The invention provides a 3D printing method, which comprises the following steps: the method comprises the following steps that firstly, 3D printing forming materials are laid layer by layer, the 3D printing forming materials comprise polymers, radiation absorbers and fillers, the polymers are in a particle shape or a powder shape, the radiation absorbers absorb radiation with the wavelength of 700 nm-10 mu m, and the fillers are subjected to surface modification treatment; step two, respectively exposing the 3D printing forming material to radiation layer by layer, and respectively preheating the 3D printing forming material layer by layer to a temperature lower than the melting temperature of the polymer; respectively adding the near-infrared light absorbers on preset areas of the 3D printing forming material layer by layer, wherein the preset areas are at least one part of the 3D printing forming material layer, and the preset areas between two adjacent 3D printing forming material layers are provided with connecting parts; and step four, respectively exposing the 3D printing forming material to radiation layer by layer, so that the near-infrared light absorbent on each 3D printing forming material layer is fused, the mechanical strength of the 3D printing object is improved, and the printing production efficiency is improved.

Description

3D printing method
Technical Field
The invention relates to the technical field of 3D printing, in particular to a 3D printing method.
Background
Three-dimensional (3D) rapid prototyping, also known as additive manufacturing, is based on the basic principle of creating a three-dimensional object by laying up, printing successive layers of material, and a three-dimensional rapid prototyping apparatus or three-dimensional printer works by transforming a three-dimensional computer model of the object and generating a series of cross-sectional slices, and then printing each slice, with each slice overlapping to achieve the printed formation of the three-dimensional object.
Among others, the prior patent application CN201580079600.4 discloses a 3D printing technique and a printing method using heat assisted sintering, comprising: applying a build material composition having polymer particles and a radiation-absorbing additive mixed with the polymer particles, preheating the build material composition to a temperature below a melting temperature of the polymer particles by exposing the build material composition to radiation, the radiation-absorbing additive increasing radiation absorption and accelerating preheating of the build material composition; selectively applying a fusing agent to at least a portion of the build material composition; the build material composition is exposed to radiation to at least partially fuse the polymer particles in at least a portion of the build material composition in contact with the fusing agent.
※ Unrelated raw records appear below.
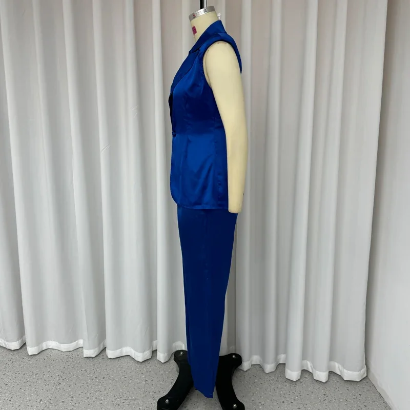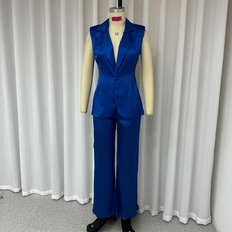 2025 Summer Office Lapel V Neck Sleeveless Backless One Button Solid Vest Top Loose Pants Suit High Streetwear Women's Sets
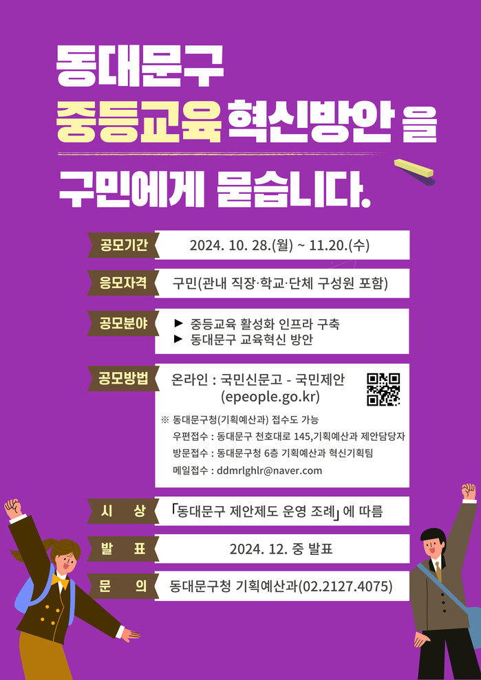 이필형 구청장은 “이번 공모전이 구민과 소통을 강화하고 동대문구 교육 혁신을 위한 정책을 발굴하는 기회가 되기를 희망한다”며 “우수한 제안이 정책에 반영될 수 있도록 학부모, 교사, 학생을 비롯한 구민 여러분의 많은 참여를 부탁드린다”고 말했다.
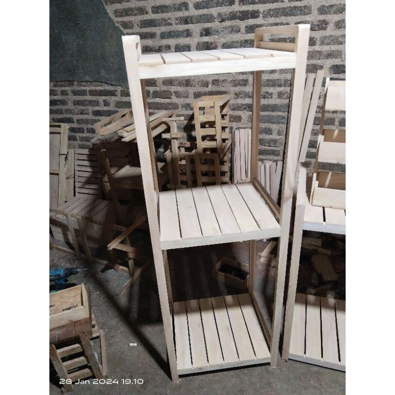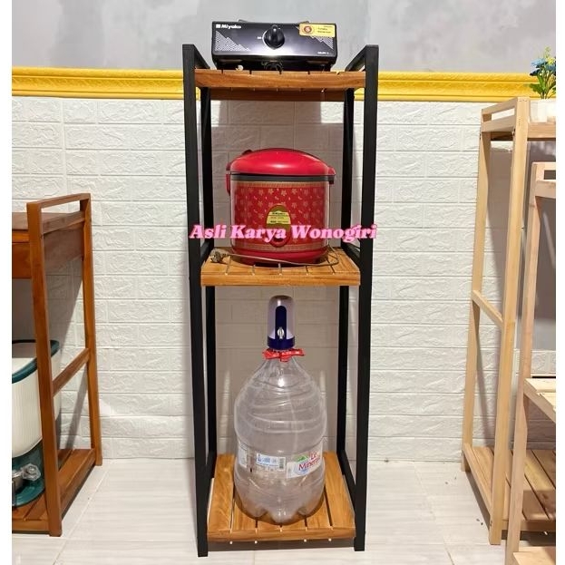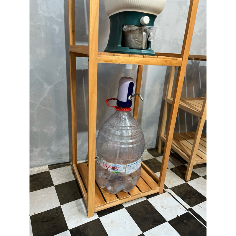 RAK GALON MEJIKOM 3 TINGKAT JUMBO VERNIS RAK DISPENSER KOMBINASI RAK SERBAGUNA TINGGI 125CM

Because the mixing uniformity among different materials can influence the printing and forming effects in the forming process, in the technology, the polymer particles are mixed with additive materials for absorbing radiation, and in addition, additive materials are required to be uniformly mixed in the forming materials, so that the 3D good and uniform forming can be realized. It is often possible to add further charge agents, flow aids, antioxidants or combinations thereof to the printed material. As more additives are added and the concentration of the additives increases, the mechanical strength of the printed object decreases.
Disclosure of Invention
The invention mainly aims to provide a printing method which can improve the mechanical property of a 3D formed object and has high printing production efficiency.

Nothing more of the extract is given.